Personajes del Cristianismo

Rate this post

Al final del segundo milenio, el cristianismo se encuentra, precisamente en el dominio de su extensión original, en Europa, en una profunda crisis, que se apoya en la crisis de su pretensión de verdad. Esta crisis tiene una doble dimensión: en primer lugar, se plantea cada vez más la cuestión de si es básicamente correcto aplicar la noción de verdad a la religión, es decir, si al hombre se le da el conocimiento de la verdad propia de Dios y de las cosas divinas. El hombre contemporáneo se encuentra mucho mejor en la parábola budista del elefante y el ciego.

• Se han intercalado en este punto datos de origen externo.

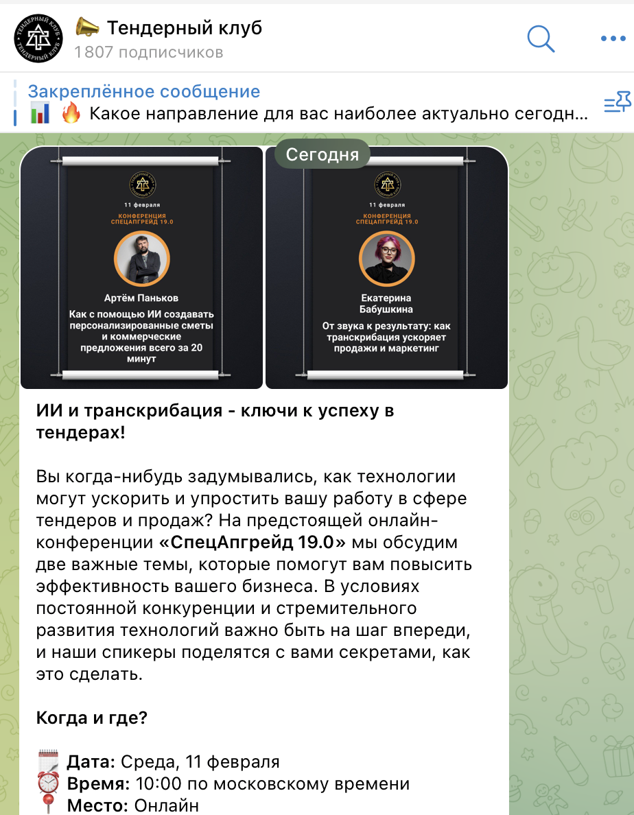 В июле 2020 года Евгений открыл канал в Телеграм «Тендерный клуб», на который за 6 лет подписалось 1800 человек. В нем автор объявляет о проведении онлайн-мероприятий, на которые приглашает разных спикеров. Среди них Георгий Сухадольский, Евгения Олимпиева и другие. Евгений указывает тематику конференции, время, место (чаще всего онлайн) и кратко описывает программу. В конце сообщения дает ссылку для записи на собрание.

La disputa de las religiones aparece a los hombres de hoy como esta disputa de los ciegos de nacimiento. Porque, frente a los secretos de lo divino, parece que hemos nacido ciegos. El cristianismo no está de ninguna manera en una posición más positiva que otros en el pensamiento contemporáneo al contrario, con su afirmación de la verdad, parece ser particularmente ciego, frente al límite de todo nuestro conocimiento de lo divino, caracterizado por un fanatismo particularmente insensato, que incorregiblemente toma para todos los fines tocados por la experiencia personal.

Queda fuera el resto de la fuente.